* **EXTRACTED INFORMATION**:
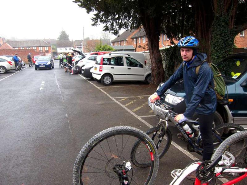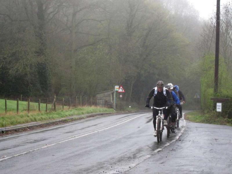 At Hollybush car park we started on one of the main climbs up onto Midsummer Hill and then Swinyard Hill, muddy and wet in places and hard work to say the least. Part way up this Gary Palmer had the first “off” of the day courtesy of a metal drainage channel! Not a good day for Gary!
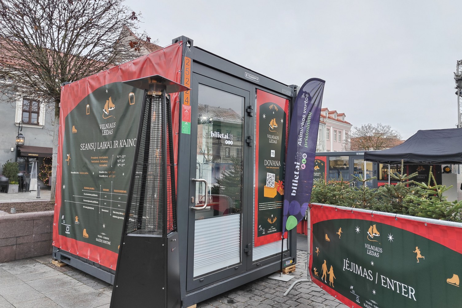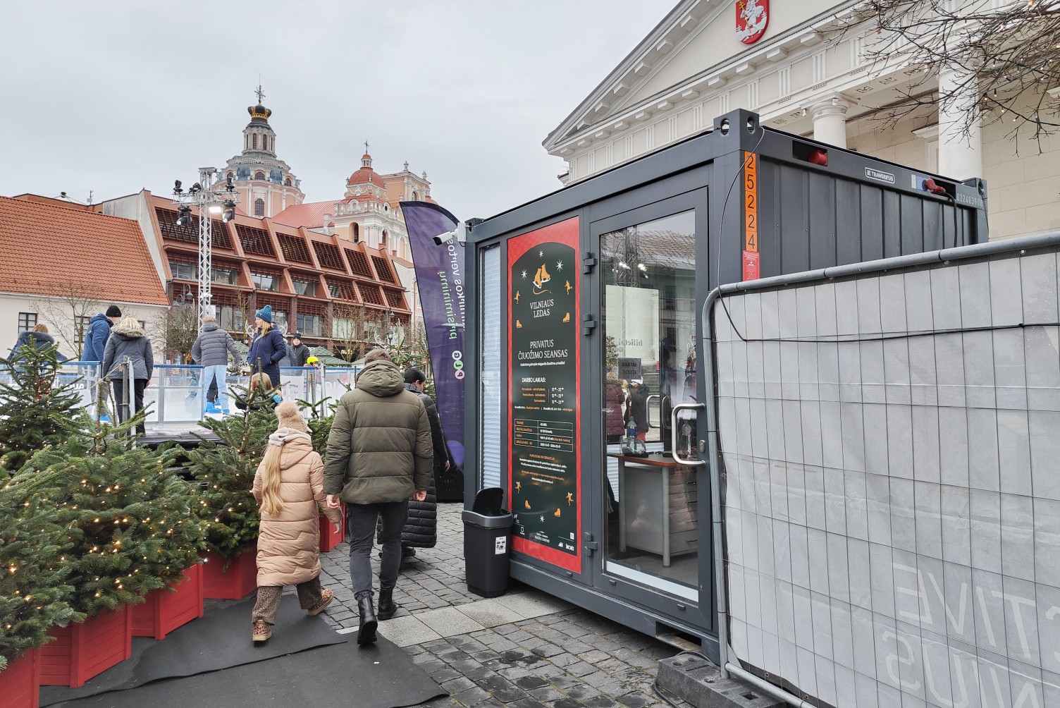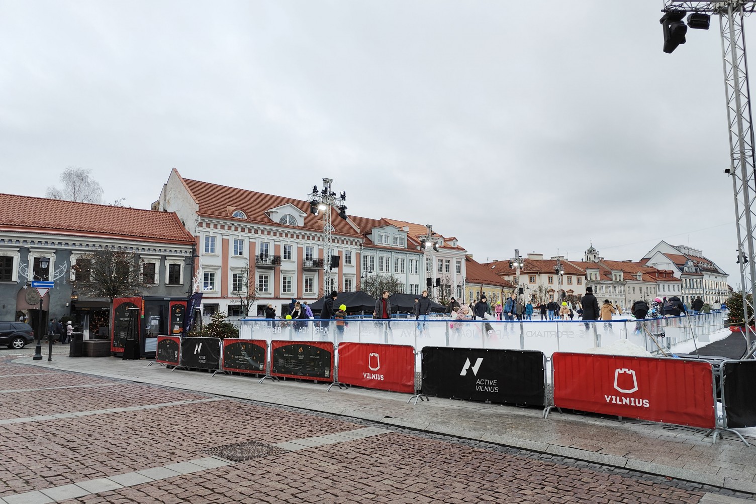 Kadangi ledo čiuožykla buvo įrenginėjama senamiestyje, papildomai derinome leidimus sunkiojo transporto įvažiavimui į Rotušės aikštę.
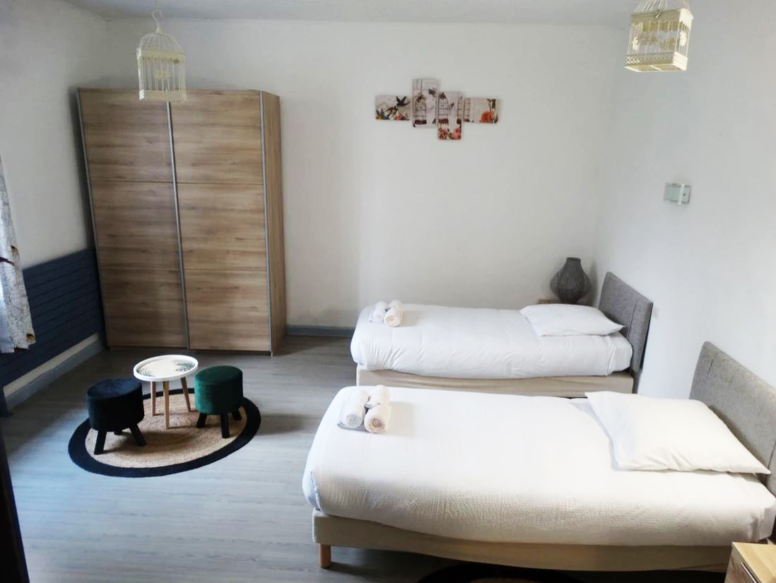 Vous serez acceuilli.e.s à partir du vendredi 17h jusqu'au lundi 17h et logées en chambre partagée (1 très grande chambre de 5p visible dans le diaporama ci dessous, 1 chambre de 3p, 4 chambres de 2p).
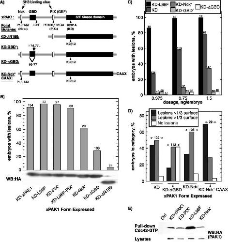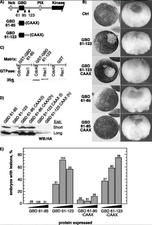 Figure 6. The functional GBD of xPAK1 is sufficient to induce the loss-of-adhesion phenotype, but its function is enhanced by membrane targeting. (A) The structure of the GBD constructs (xPAK1 a.a. 61-85 and a.a. 61-123). (B) Phenotype of the GBD-induced lesions, left panels show external animal pole views, and right panels show sections through the lesions. (C) Binding of in vitro-translated GTP-charged wild type Cdc42 and Rac1 GTPases to the GST-immobilized xPAK1 GBDs 61-85 and 61-123. (D) Western analysis of expression levels of the GBD constructs using an antibody to the common HA epitope-tag (h embryos in 1Ã MMR and l embryos in 0.1Ã MMR). Two exposures of the same analysis are shown to increase the visible dynamic range. (E) Statistical analysis of lesion penetrance. Embryos were injected in parallel with 70, 200, or 400 pg of GBD 61-123 and GBD 61-123-CAAX RNAs. Embryos displaying obvious lesions, irrespective of size, were scored. Total number of embryos analyzed is shown above each column. In B and D, each embryo was injected with 200 pg of mutant RNA. |
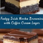 These Fudgy Layered Irish Mocha Brownies combine a rich, dense chocolate base with a creamy Irish mocha topping, blending flavors of coffee, cocoa, and Irish cream liqueur for an indulgent dessert perfect for any occasion.
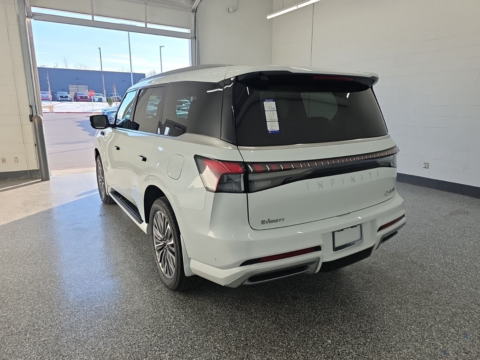LUXE 4WD, 22' WHEEL PKG, ELECTRONIC AIR SUSPENSION, PANO SUNROOF, HEADS UP DISPLAY, HEATED VENTED 1ST AND 2ND ROW LEATHER SEATS, 3D AROUND VIEW MONITOR, APPLE CARPLAY., 14 Speakers, 3rd row seats: bench, 4-Wheel Disc Brakes, ABS brakes, Adaptive suspension, Air Conditioning, AM/FM radio: SiriusXM with 360L, Anti-whiplash front head restraints, Apple CarPlay/Android Auto, Audio memory, Auto High-beam Headlights, Auto tilt-away steering wheel, Auto-dimming Rear-View mirror, Auto-leveling suspension, Automatic temperature control, Brake assist, Bumpers: body-color, Cargo Blocks/Stabilizers, Cargo Net, Cargo Package, Carpeted Cargo Area Protector, Compass, Console Net, Delay-off headlights, Driver door bin, Driver vanity mirror, Dual front impact airbags, Dual front side impact airbags, Electronic Stability Control, Emergency communication system: INFINITI InTouch, Four wheel independent suspension, Front anti-roll bar, Front Bucket Seats, Front Center Armrest, Front dual zone A/C, Front reading lights, Fully automatic headlights, Garage door transmitter: myQ Connected Garage, Heads-Up Display, Heated and Climate Controlled Front Bucket Seats, Heated door mirrors, Heated front seats, Heated rear seats, Heated steering wheel, HVAC memory, Illuminated entry, INFINITI Radiant Illuminated Silver Kick Plates, Knee airbag, Leather Seating Surfaces, Leather steering wheel, Low tire pressure warning, Memory seat, Navigation system: Google Built-in, Occupant sensing airbag, Outside temperature display, Overhead airbag, Overhead console, Panic alarm, Passenger door bin, Passenger vanity mirror, Power door mirrors, Power driver seat, Power Liftgate, Power moonroof, Power passenger seat, Power steering, Power windows, Radio data system, Radio: Klipsch Premium Audio System, Rain sensing wipers, Rear air conditioning, Rear anti-roll bar, Rear reading lights, Rear seat center armrest, Rear window defroster, Rear window wiper, Reclining 3rd row seat, Remote keyless entry, Security system, Soft-Sided Cargo Cooler, Speed control, Speed-sensing steering, Splash Guards, Split folding rear seat, Spoiler, Steering wheel memory, Steering wheel mounted audio controls, Super Premium Paint, Tachometer, Telescoping steering wheel, Tilt steering wheel, Traction control, Trip computer, Turn signal indicator mirrors, Variably intermittent wipers, Ventilated front seats, Ventilated rear seats, Wheels: 22 x 8.5J Cast Aluminum Alloy.
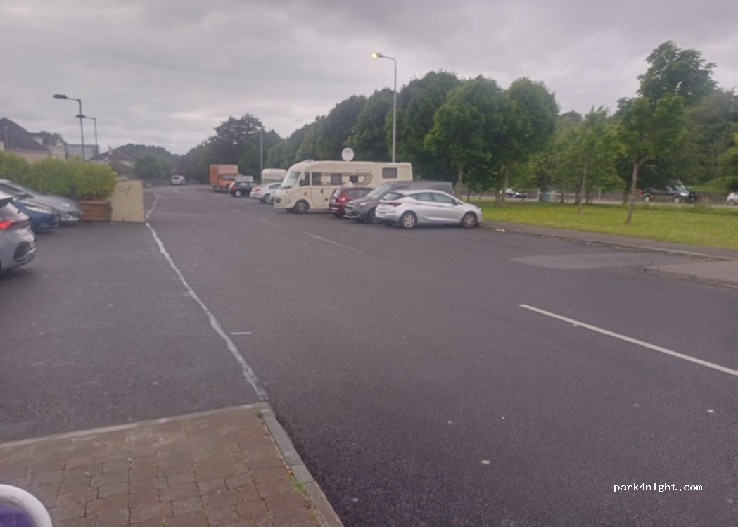 Super Parkplatz um Galway zu besuchen und sich den Stress mit dem Camper in der Innenstadt zu sparen. Direkt an der Bushaltestelle, mit dem Bus für 1,90€/Person im 15 Minutentakt ins Stadtzentrum. Genug Platz auch für 7,5m Wohnmobile. Denke über Nacht auch kein Problem, jedoch sollte man nicht zu viele Nächte bleiben. Ein Wohnwagen und ein Anhänger hatten Parkkrallen. Top: Kl. Supermarkt nebenan
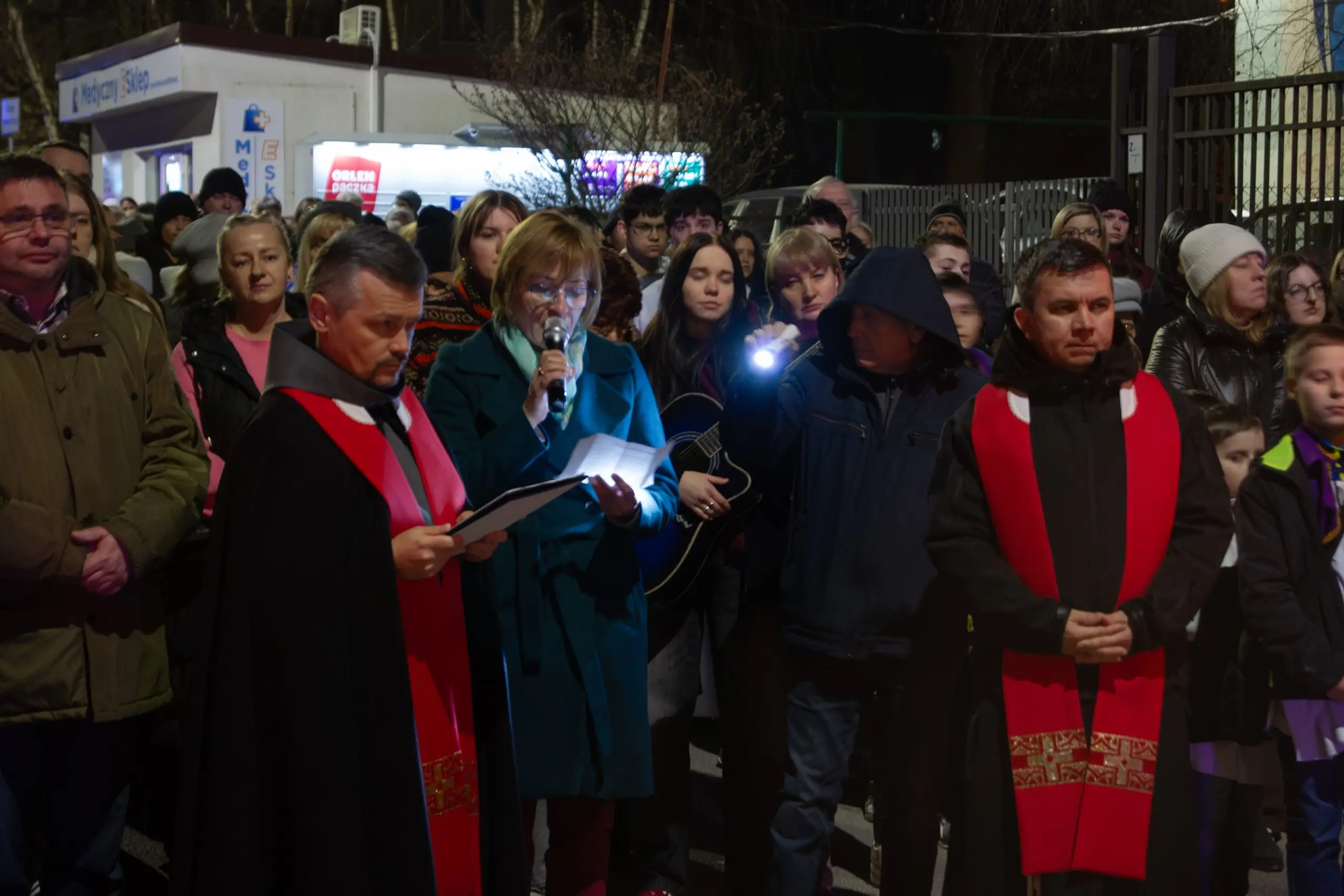 Rozważania poszczególnych stacji czytali przedstawiciele wspólnot działających przy naszej parafii, dzięki czemu nabożeństwo miało wyraźny wymiar wspólnotowy. Modlitwie towarzyszył śpiew prowadzony przez parafialną grupę muzyczną, pomagając wszystkim uczestnikom w głębszym przeżyciu tej drogi.
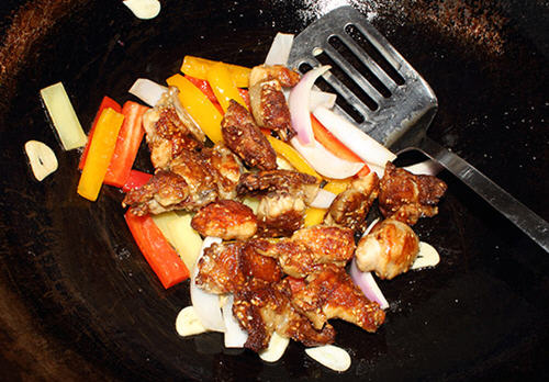 5、不用刷锅,直接把所有切好的蔬菜和姜蒜片全部下去大火炒十五秒出香气,将炸好的鸡块倒下去稍微撒一点点盐,大火炒几下出锅既成。
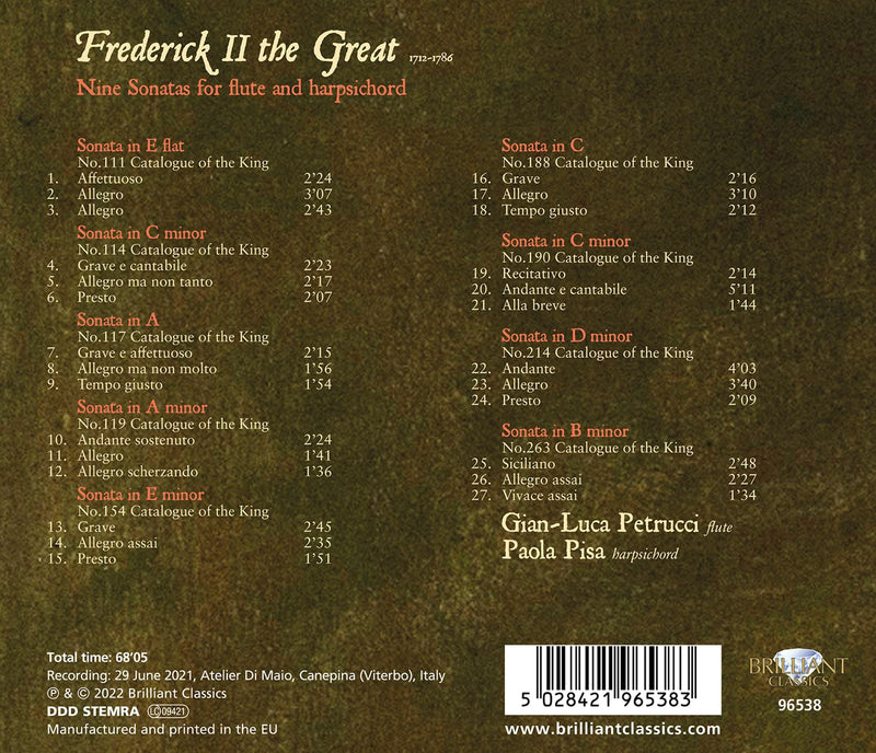 Brilliant ClassicsFrederick II the Great: 9 Sonatas for Flute & Harpsichord / Petrucci, Pisa
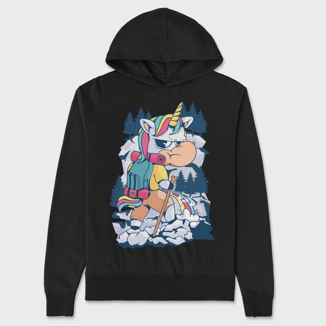 Cartoon Unicorn Hiking Pee On Mountain, Hanorac Oversize Barbati (Unisex)

* **ABOUT THIS TASK**: Both the first line of the records above and the line containing "Vous serez acceuilli.e.s" belong in the copy; please return them and every line between, exactly, minus the pictures.

* **EXERCISE SOLUTION**:
 At Hollybush car park we started on one of the main climbs up onto Midsummer Hill and then Swinyard Hill, muddy and wet in places and hard work to say the least. Part way up this Gary Palmer had the first “off” of the day courtesy of a metal drainage channel! Not a good day for Gary!
 Kadangi ledo čiuožykla buvo įrenginėjama senamiestyje, papildomai derinome leidimus sunkiojo transporto įvažiavimui į Rotušės aikštę.
 Vous serez acceuilli.e.s à partir du vendredi 17h jusqu'au lundi 17h et logées en chambre partagée (1 très grande chambre de 5p visible dans le diaporama ci dessous, 1 chambre de 3p, 4 chambres de 2p).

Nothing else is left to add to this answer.